Cray System Management Documentation > CSM Troubleshooting Information > known issues > Check for duplicate and DNS entries for NCN and UANs test failure

Check for duplicate and DNS entries for NCN and UANs test failure

Overview
Symptoms
Workaround

Overview

The cray-dns-unbound DNS service configuration forwards queries it cannot answer to the customer-defined DNS server. If this upstream DNS server is configured to drop queries it cannot answer then cray-dns-unbound sees this as a timeout. This can cause some of the CSM upgrade pre-flight checks to fail.

Symptoms

The Check for duplicate and DNS entries for NCN and UANs health validation test will fail.

Title: Check for duplicate and DNS entries for NCN and UANs
Meta:
    desc: Checks for duplicate IP addresses in the SMD EthernetInterface table and verifies that NCN/UAN management network DNS entries resolve to only 1 IP address. 
      To manually run the test, execute /opt/cray/tests/install/ncn/scripts/python/check_ncn_uan_ip_dns.py
    sev: 0
ip_dns_check: exit-status: Error: Command execution timed out (30s)Total Duration: 30.009s

(ncn-m#) When run, the /opt/cray/tests/install/ncn/scripts/python/check_ncn_uan_ip_dns.py script fails.

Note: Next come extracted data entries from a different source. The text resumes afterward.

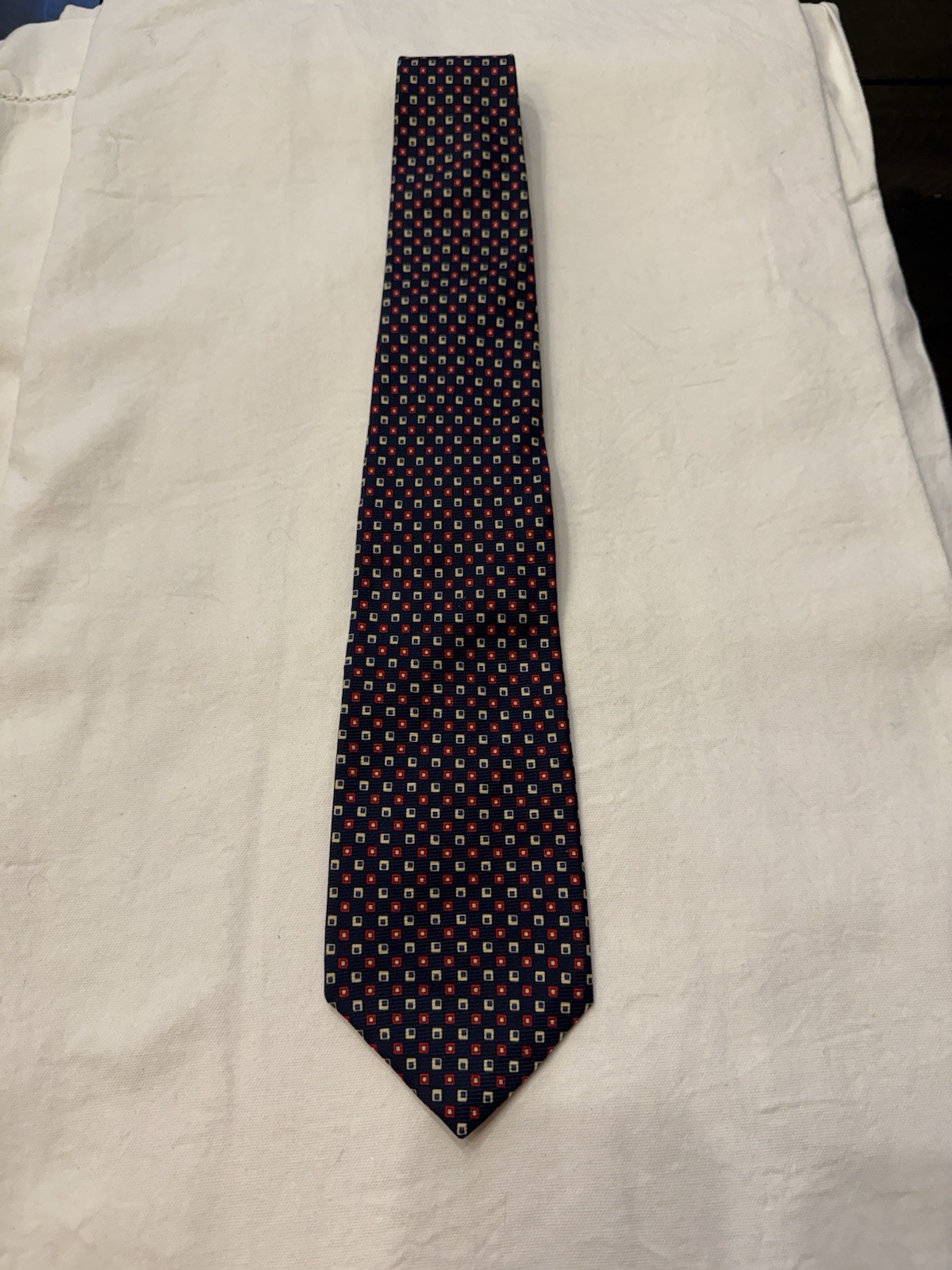 Lauren Ralph Lauren Silk Tie Navy Blue Red Cream Geometric Pattern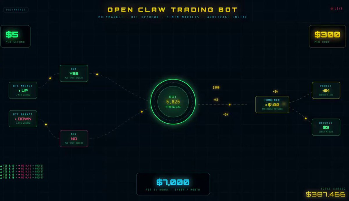 An OpenClaw bot executes high-frequency arbitrage on 5-minute BTC binary options by exploiting struc
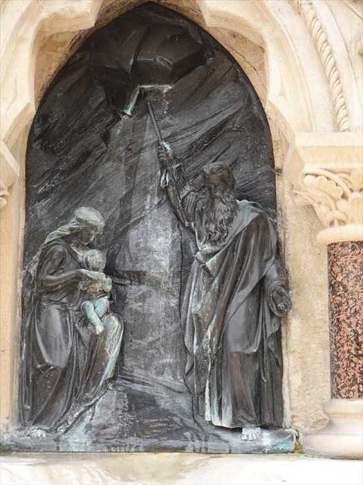 聖母マリア(the Virgin Mary)に抱かれ幼子イエス・キリスト(Christ)の姿 がブロンズで

2023-07-21 13:39:13,536 - __main__ - ERROR - ERROR: ncn-m003.chn has more than 1 DNS entry
;; connection timed out; no servers could be reached

2023-07-21 13:39:49,661 - __main__ - ERROR - ERROR: ncn-w001.chn has more than 1 DNS entry
;; connection timed out; no servers could be reached

2023-07-21 13:40:25,819 - __main__ - ERROR - ERROR: ncn-w002.chn has more than 1 DNS entry
;; connection timed out; no servers could be reached

2023-07-21 13:41:01,959 - __main__ - ERROR - ERROR: ncn-w003.chn has more than 1 DNS entry
;; connection timed out; no servers could be reached

2023-07-21 13:41:38,103 - __main__ - ERROR - ERROR: ncn-s001.chn has more than 1 DNS entry
;; connection timed out; no servers could be reached

2023-07-21 13:42:14,231 - __main__ - ERROR - ERROR: uan001.cmn has more than 1 DNS entry
;; connection timed out; no servers could be reached

2023-07-21 13:42:50,253 - __main__ - ERROR - ERROR: uan001.chn has more than 1 DNS entry
;; connection timed out; no servers could be reached

2023-07-21 13:43:26,395 - __main__ - ERROR - ERROR: ncn-s002.chn has more than 1 DNS entry
;; connection timed out; no servers could be reached

2023-07-21 13:44:02,521 - __main__ - ERROR - ERROR: ncn-s003.chn has more than 1 DNS entry
;; connection timed out; no servers could be reached

2023-07-21 13:44:38,665 - __main__ - ERROR - ERROR: ncn-m001.chn has more than 1 DNS entry
;; connection timed out; no servers could be reached

2023-07-21 13:45:14,797 - __main__ - ERROR - ERROR: ncn-m002.chn has more than 1 DNS entry
;; connection timed out; no servers could be reached

2023-07-21 13:45:32,819 - __main__ - ERROR - ERRORS: see above output.

Workaround

Update the cray-dns-unbound configuration so that all CSM internal network suffixes are no longer forwarded to the upstream DNS server.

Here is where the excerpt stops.